The open-source llama.cpp project, maintained by ggml-org, has released a significant update with commit b8233 that introduces the GATED_DELTA_NET operation to their inference engine. This specialized operation optimizes how certain neural network layers are processed, particularly benefiting models like Qwen 3.5 that use gated delta networks. The update removes unnecessary transpose operations and adds KDA (Kernel Data Access) optimizations, resulting in up to 2x faster inference speeds on compatible hardware.

The technical implementation includes backend support checks for fused gated delta networks across multiple platforms. The update maintains compatibility with macOS/iOS (both Apple Silicon and Intel), Linux (CPU, Vulkan, ROCm 7.2), Windows (CPU, CUDA 12/13, Vulkan, SYCL, HIP), and openEuler systems.
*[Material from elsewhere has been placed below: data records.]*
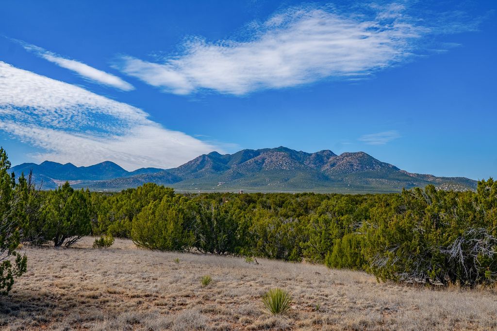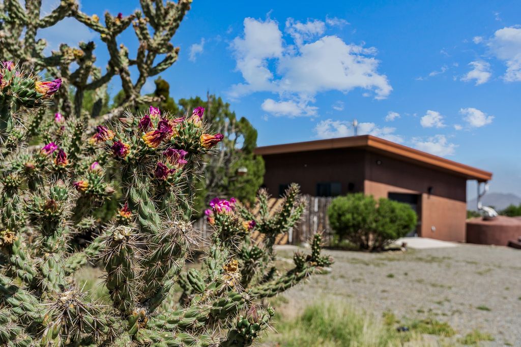 Modern home on forty acre lot with adjacent vacant forty acre lot with driveway and well. For those who want space to stretch out, or multiple lots to build a family compound on, this offering has it. Stretching 9/10's of a mile at its longest, there's room for on the property hiking, riding, or mountain biking. The home features contemporary style in a high-desert setting with breathtaking mountain views in the foothills of the Ortiz Mountains. Fully self-reliant, it boasts utilities provided by solar, wind, and water catchment, with public electric lines available on the street. The adjacent lot has a drilled and cased well, a roughed in driveway, and more of the spectacular views the area is known for. The location offers easy access to town on well-maintained roads within a gated community with no HOA. Located just 21 miles from Santa Fe and near dining and entertainment options in Madrid and Cerrillos, this offering provides perfect retreat with room for future development and a move in ready home. 49 Blue Agave (MLS 202502557) and 65 Grenfell Ranch (202600867) are also offered for sale separately.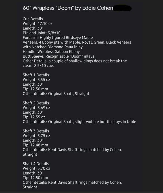 Color of Money "DOOM" tribute cue. 3/8 10 pin, 4 shafts 2 by Cohen, 2 by Kent Davis. See pics for weights and specs on cue and shaft.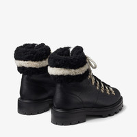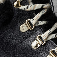 Black Grainy Leather Hiking Boots with Natural and Black Shearling Collar

This cross-platform optimization means developers can deploy more efficient local LLMs across diverse hardware environments while maintaining performance consistency.

What makes this update particularly noteworthy is its impact on Apple Silicon users, who have been seeking better local LLM performance. The GATED_DELTA_NET operation leverages specific hardware capabilities of M-series chips, making llama.cpp even more competitive against proprietary solutions. This continues llama.cpp's trend of democratizing efficient AI inference through open-source optimizations that benefit the entire local AI ecosystem.

Key Points
  • Adds GATED_DELTA_NET operation for 2x faster inference on supported models
  • Optimizes Qwen 3.5 and similar architectures with KDA and fused network support
  • Maintains cross-platform compatibility across macOS, Windows, Linux, and openEuler systems

Why It Matters

Enables faster, more efficient local AI deployment on consumer hardware, reducing reliance on cloud services for developers and researchers.